In the case of detecting the dominant parameters at inducing local scour at CPs, the sensitivity analyses were conducted and the parameters were ordered according to their effectiveness. The results depicted that the pile cap location (Y) in respect to undisturbed streambed is the most important parameter which influence the scouring at CPs. These results are consistent with those reported by [51
]. Furthermore, the pile cap width (bpc), thickness (T) and column width (bc) are with higher influences on LSCP, respectively. These results are in agreement with the findings of Ferraro et al. [90
] and Moreno et al. [89
]. It should be noted that unlike the simple piers and pile group [91
], the role of the parameters at producing LSCP is various versus the pile cap level in respect to undisturbed streambed. Particularly when the pile cap is lower or inside the scour hole, the pile cap prevents scouring. This process continues until flow penetrates below the pile cap and the pile cap becomes undercut. The undercutting of pile caps intensifies the scour depth. As the level of pile cap reached the position for undercutting, apart from column and pile cap, the pile group is exposed to the flow, and contributes towards scouring. As the pile cap level increased, the pile group prevents the scouring and diminishes the LSCP [50
]. In this case, the LSCP depends on the pile cap and pile group characteristics. It is worth noting that the bridge pier models used to obtain the data in this research were selected so that the sediment size and flow depth effects on LSCP became negligible and flow intensity was in a confined range.

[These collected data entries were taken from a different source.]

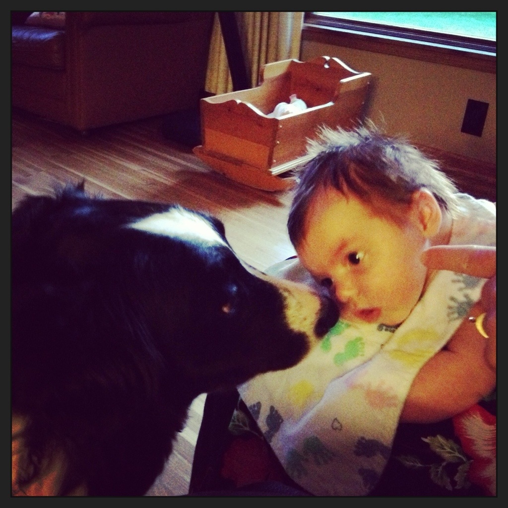 And look at the curious pooch meeting another new (and as Julie says), noisy friend!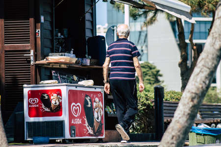 Limassol Cyprus May 06, 2020 View of unidentified people walking at the promenade front the sea in Limassol during the coronavirus outbreak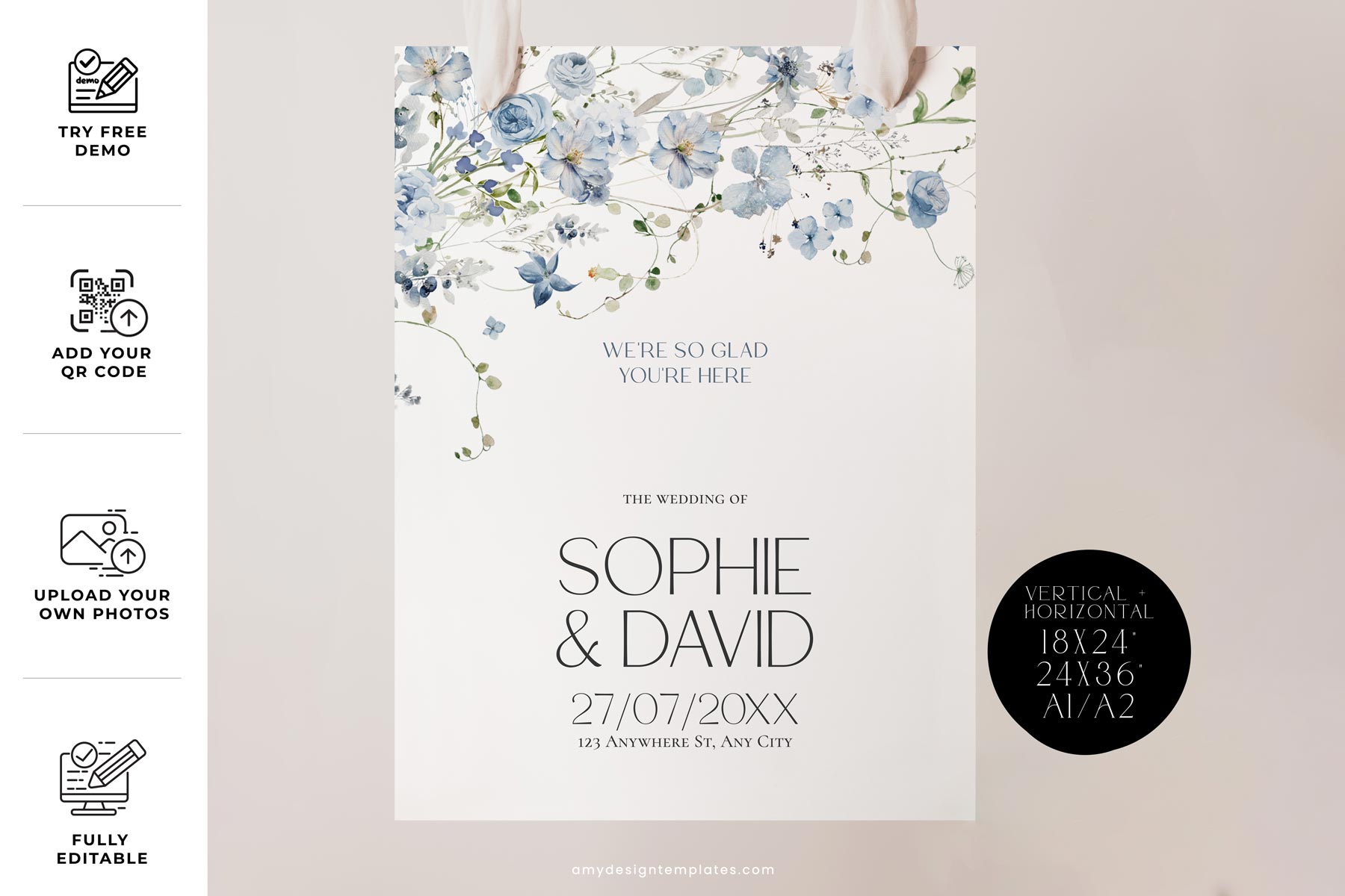 Blue Wildflower Wedding Welcome Sign Template | Welcome To Our Wedding

The ensemble models could more decrease the noise and over-fitting problems between the training dataset, resulting in enhancing the accuracy of the model [15
]. Basically, the findings depicted that the RS-REPTree ensemble model could well enhance the prediction accuracy of the REPTree as a classifier for the prediction of local scour depth at piers with complex geometry. This finding is in agreement with Cheng and Cao [46
] who reported the capability of the IFRIM as a promising tool for civil engineers to estimate local scour at piers with simple geometry.